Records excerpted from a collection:
- Opening Delimiter -

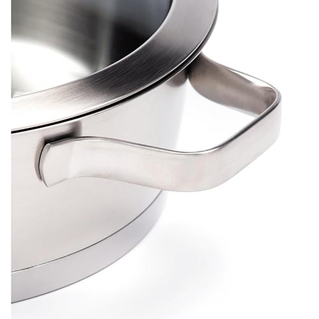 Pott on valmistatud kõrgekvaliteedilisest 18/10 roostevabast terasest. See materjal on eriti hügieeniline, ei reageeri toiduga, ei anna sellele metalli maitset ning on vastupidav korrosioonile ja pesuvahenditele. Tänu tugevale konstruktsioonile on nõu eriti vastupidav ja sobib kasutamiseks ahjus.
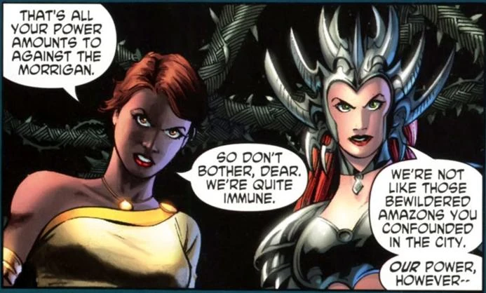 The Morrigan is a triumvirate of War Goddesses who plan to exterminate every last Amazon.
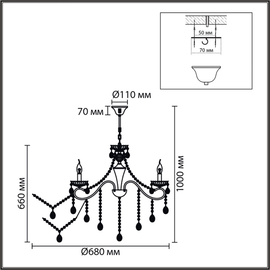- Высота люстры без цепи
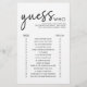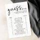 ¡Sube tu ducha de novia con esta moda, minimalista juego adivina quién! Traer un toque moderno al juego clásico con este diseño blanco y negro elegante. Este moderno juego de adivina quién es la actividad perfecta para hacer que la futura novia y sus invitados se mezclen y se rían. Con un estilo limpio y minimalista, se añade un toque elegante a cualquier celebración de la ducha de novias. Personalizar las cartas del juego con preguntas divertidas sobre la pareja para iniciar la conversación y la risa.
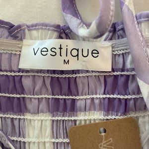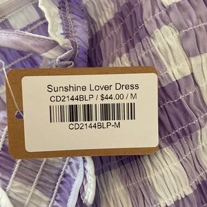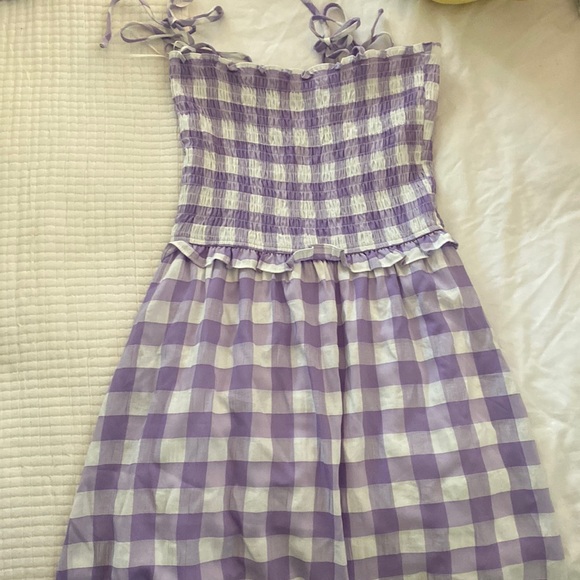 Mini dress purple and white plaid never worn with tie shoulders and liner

- Closing Delimiter -

**EXERCISE REQUIREMENTS:** Line by line, write out the data above exactly, without the pictures.

**OUTPUT FOR THIS TASK:**
 Pott on valmistatud kõrgekvaliteedilisest 18/10 roostevabast terasest. See materjal on eriti hügieeniline, ei reageeri toiduga, ei anna sellele metalli maitset ning on vastupidav korrosioonile ja pesuvahenditele. Tänu tugevale konstruktsioonile on nõu eriti vastupidav ja sobib kasutamiseks ahjus.
 The Morrigan is a triumvirate of War Goddesses who plan to exterminate every last Amazon.
- Высота люстры без цепи
 ¡Sube tu ducha de novia con esta moda, minimalista juego adivina quién! Traer un toque moderno al juego clásico con este diseño blanco y negro elegante. Este moderno juego de adivina quién es la actividad perfecta para hacer que la futura novia y sus invitados se mezclen y se rían. Con un estilo limpio y minimalista, se añade un toque elegante a cualquier celebración de la ducha de novias. Personalizar las cartas del juego con preguntas divertidas sobre la pareja para iniciar la conversación y la risa.
 Mini dress purple and white plaid never worn with tie shoulders and liner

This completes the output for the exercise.